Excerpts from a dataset
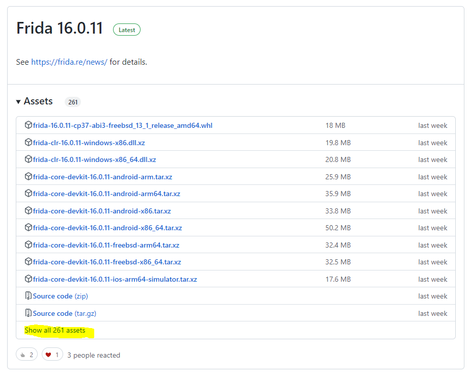 - PC에 설치된 frida 버전과 동일한 frida-server 버전 다운로드 수행
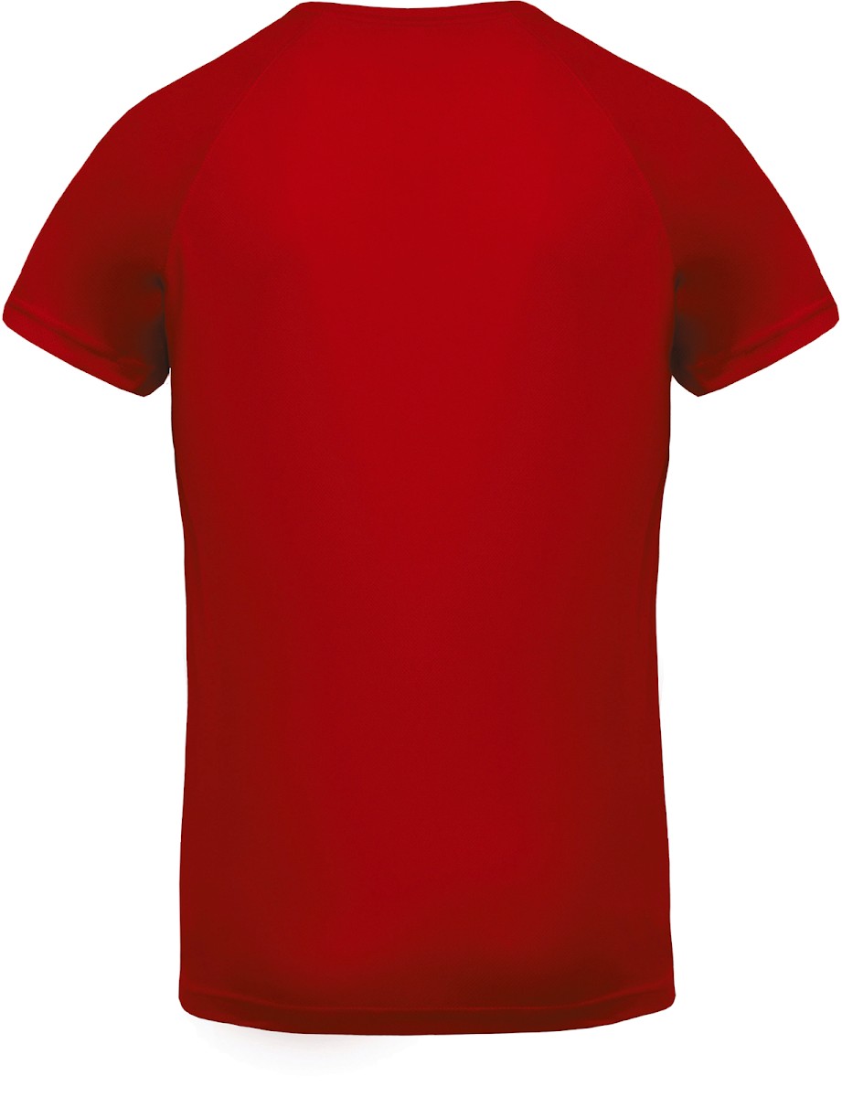 100% polyester. Tissu à séchage rapide. Encolure en V avec bande de propreté. Manches raglan avec points de recouvrement. Finition double aiguille bas de manches et de vêtement.
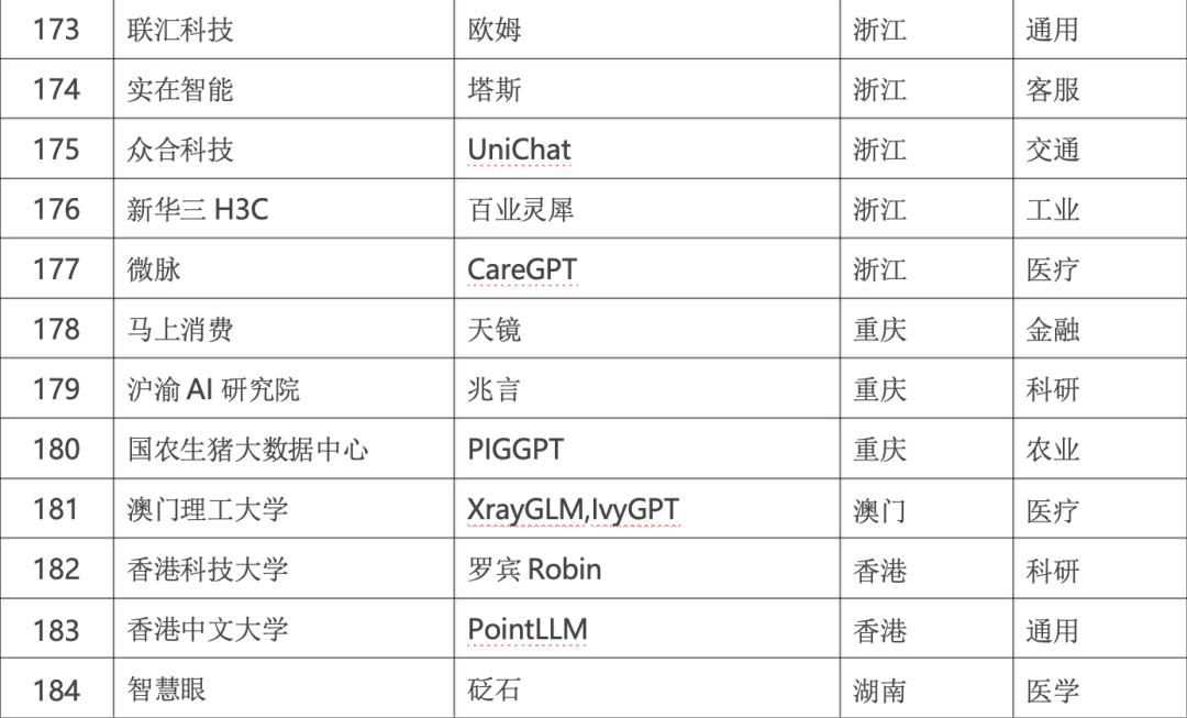国内大模型有通用模型和垂直应用领域的大模型,以下是附录的所有184个大模型的情况,大家可以根据自己实际情况选用。
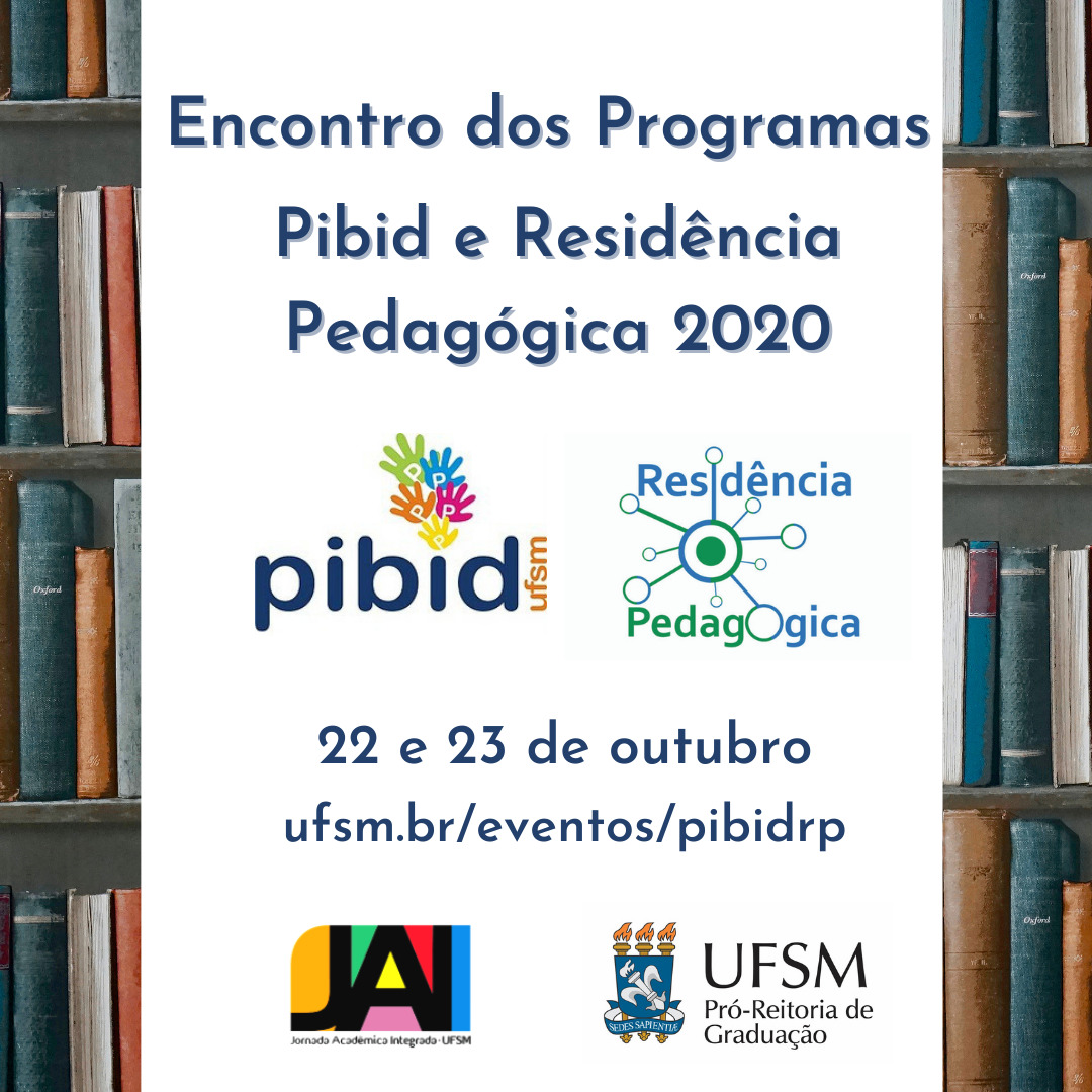A Pró-Reitoria de Graduação da UFSM (Prograd), juntamente com o Programa Institucional de Bolsa de Iniciação à Docência (Pibid) e o Programa Institucional de Residência Pedagógica (RP), estão promovendo o Encontro Pibid/RP. A iniciativa é um dos eventos-satélite da Jornada Acadêmica Integrada (JAI) da UFSM este ano, e ocorre na quinta (22) e na sexta-feira (23).
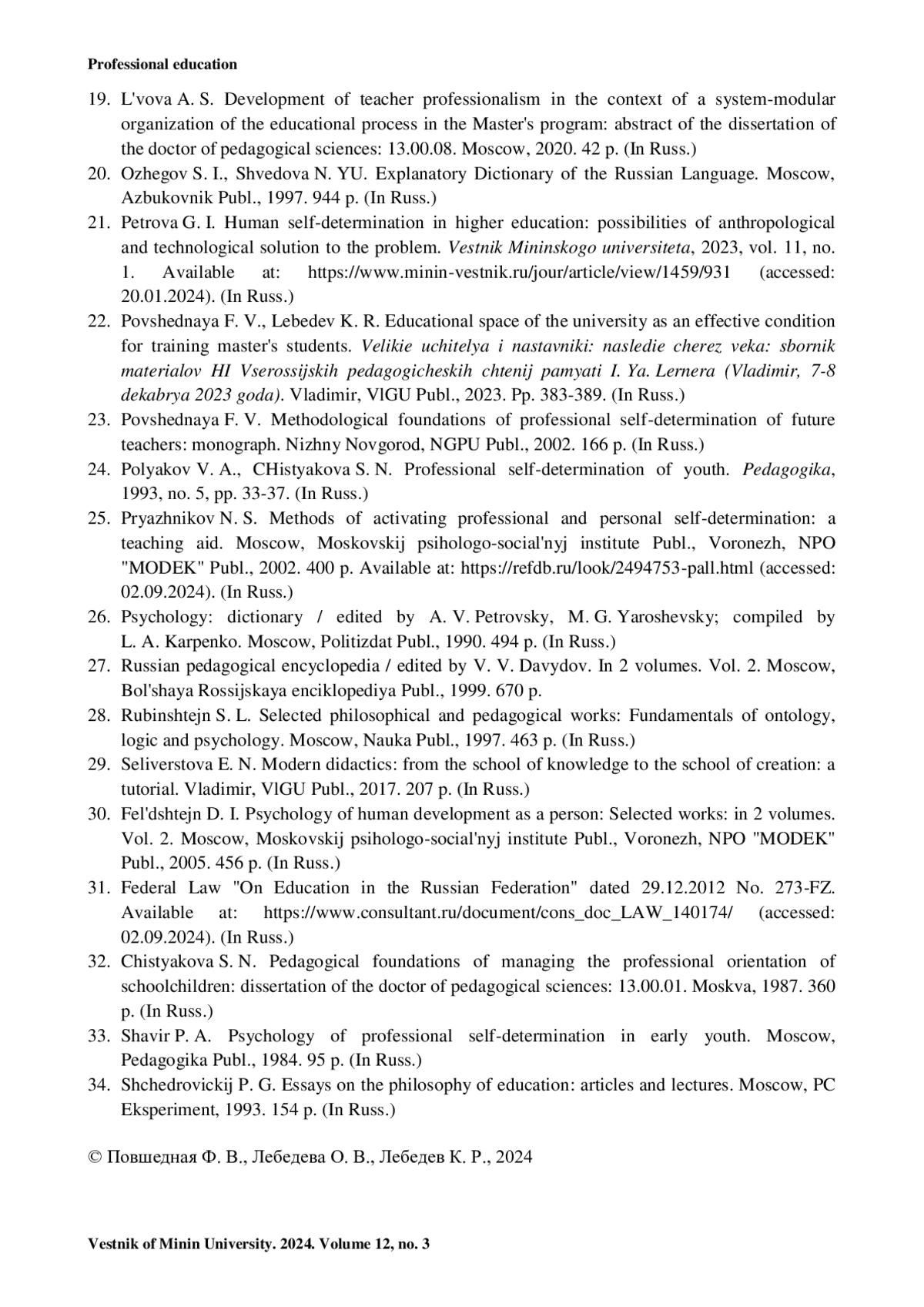 21. Петрова Г. И. Самоопределение человека в высшем образовании: возможности антропологического и технологического решения проблемы // Вестник Мининского университета. 2023. Т. 11, № 1. URL: https://www.minin-vestnik.ru/jour/article/view/1459/931 (дата обращения: 02. 09. 2024).
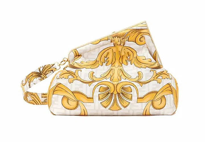 Fendi First手拿包在2021年7月推出,是品牌女装创意总监Kim Jones为Fendi打造的首个包款。不对称的轮廓设计、倾斜的字母F框架,成为这款手拿包的标志元素。本季推出的新款注入80年代的复古华丽气息,金色的巴洛克印花图案,点亮整体造型。
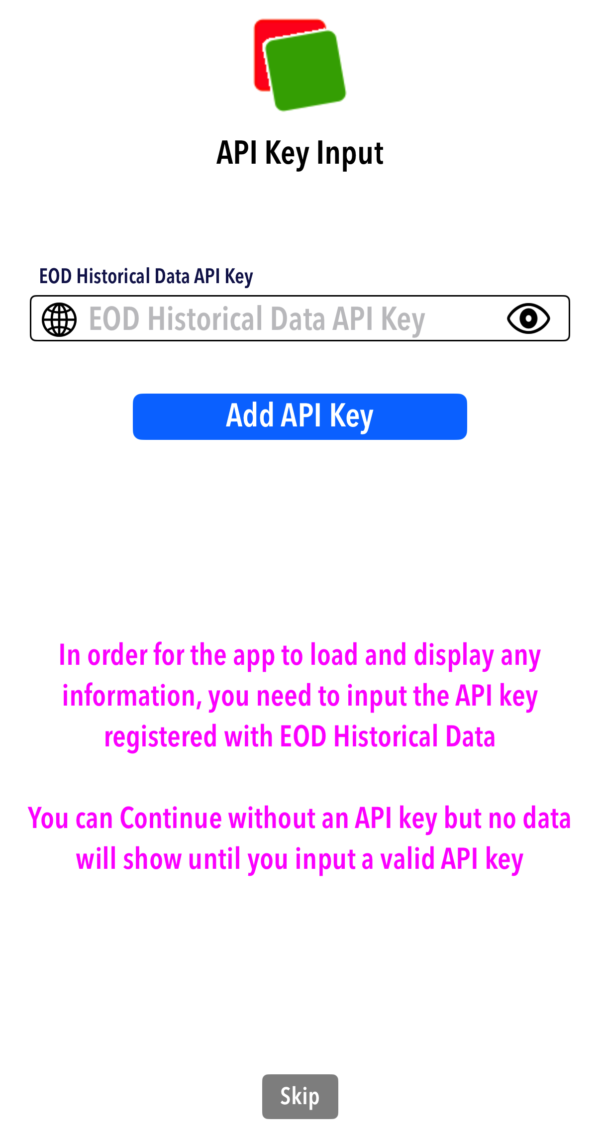 If its your first log in or you have cleared the API key from your device, you will be presented with a page to input your data provider API key
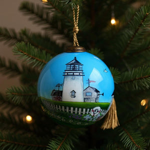 Coastal Lighthouse Hand Painted Blue Green And White Glass Ball Ornament
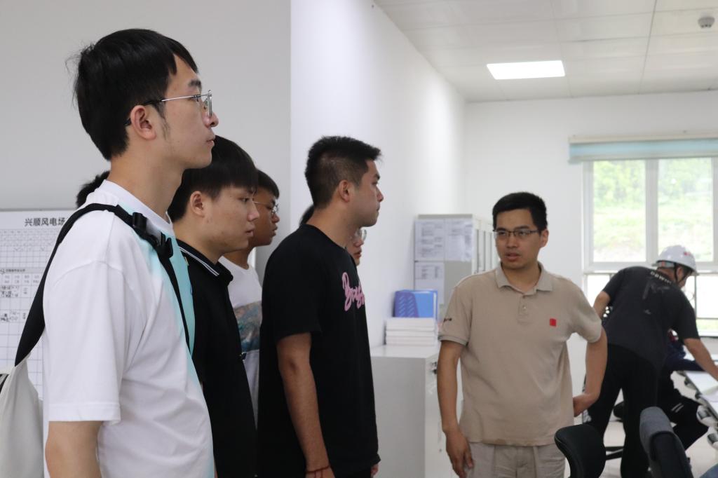实践团队接着来到了风电场中控室,与风电场调度人员了解风机运行状况,同时工作人员向我们介绍了四眼坪改扩建风电场工程,扩建风电场工程的竣工,提升了风电场的装机容量,也为四眼坪风电场未来发挥出更好的经济、环境效益贡献了新的力量。
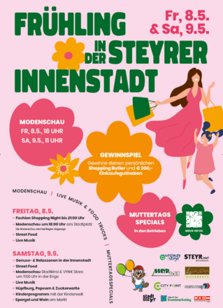 Die Steyrer Innenstadt-Kaufleute laden am 8. und 9. Mai zum beliebten Einkaufswochenende „Frühling in der Steyrer Innenstadt“. Zwei Tage lang wird die Innenstadt zum lebendigen Treffpunkt mit einem bunten Programm für die ganze Familie.
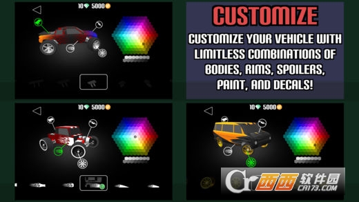 自定义您的车辆,创建你自己的赛道,在线分享,异步和全球排行榜你的朋友比赛!
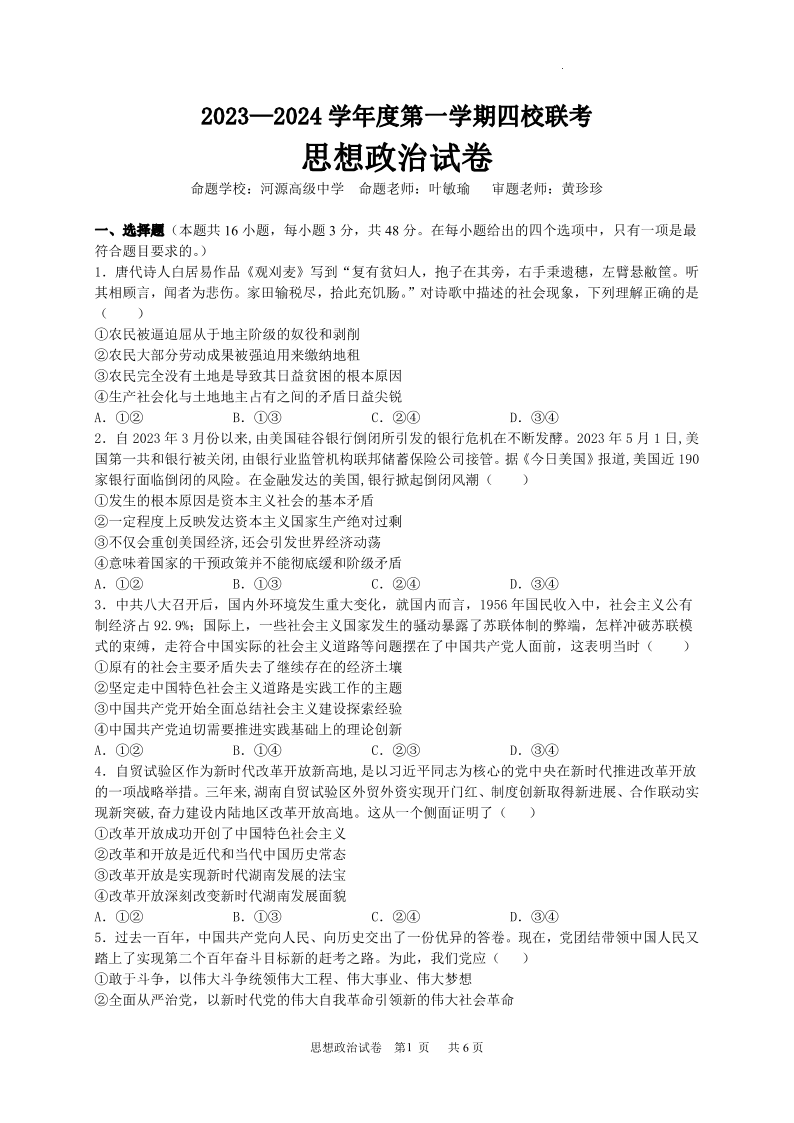 广东省四校联考2023-2024学年高三上学期第一次联考 政治
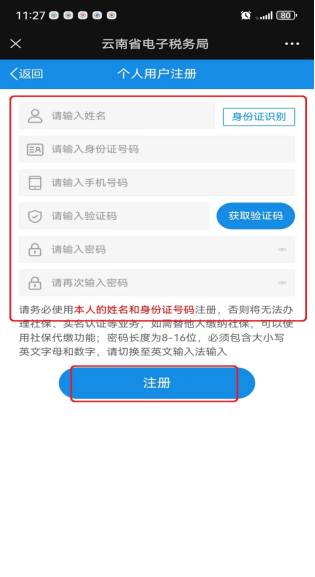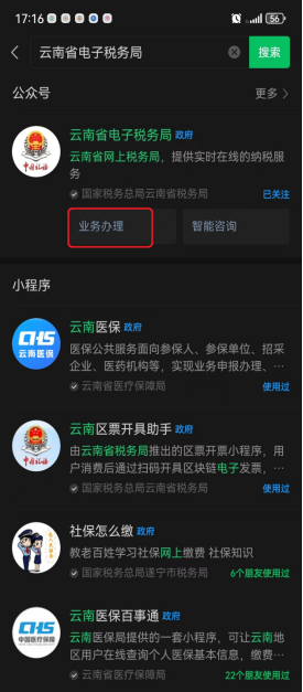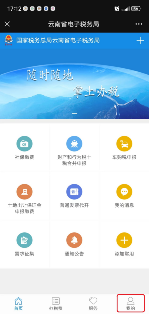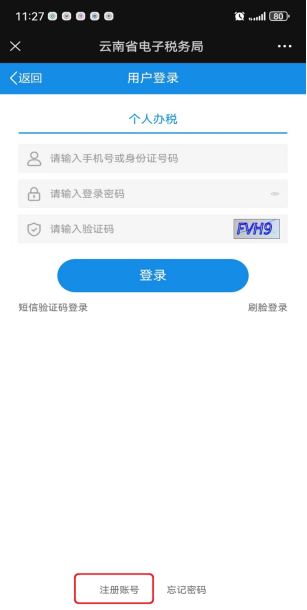 手机搜索“云南省电子税务局”微信公众号并关注,点击“业务办理”进入首页,首次进入请点击右下角“我的—未进入—注册账号”,输入准确姓名、身份证号码、手机号码、有效密码进行注册,注册成功后选择账号密码、短信验证、刷脸任意一种方式进入。

WORK REQUEST
Leave out every picture, and copy exactly the lines above starting at the one holding "实践团队接着来到了风电场中控" and ending at the one holding "自定义您的车辆,创建你自己的赛道,在线分享,异步和全球排行榜你的朋友比赛!", no more and no less.

FINISHED EXERCISE
实践团队接着来到了风电场中控室,与风电场调度人员了解风机运行状况,同时工作人员向我们介绍了四眼坪改扩建风电场工程,扩建风电场工程的竣工,提升了风电场的装机容量,也为四眼坪风电场未来发挥出更好的经济、环境效益贡献了新的力量。
 Die Steyrer Innenstadt-Kaufleute laden am 8. und 9. Mai zum beliebten Einkaufswochenende „Frühling in der Steyrer Innenstadt“. Zwei Tage lang wird die Innenstadt zum lebendigen Treffpunkt mit einem bunten Programm für die ganze Familie.
 自定义您的车辆,创建你自己的赛道,在线分享,异步和全球排行榜你的朋友比赛!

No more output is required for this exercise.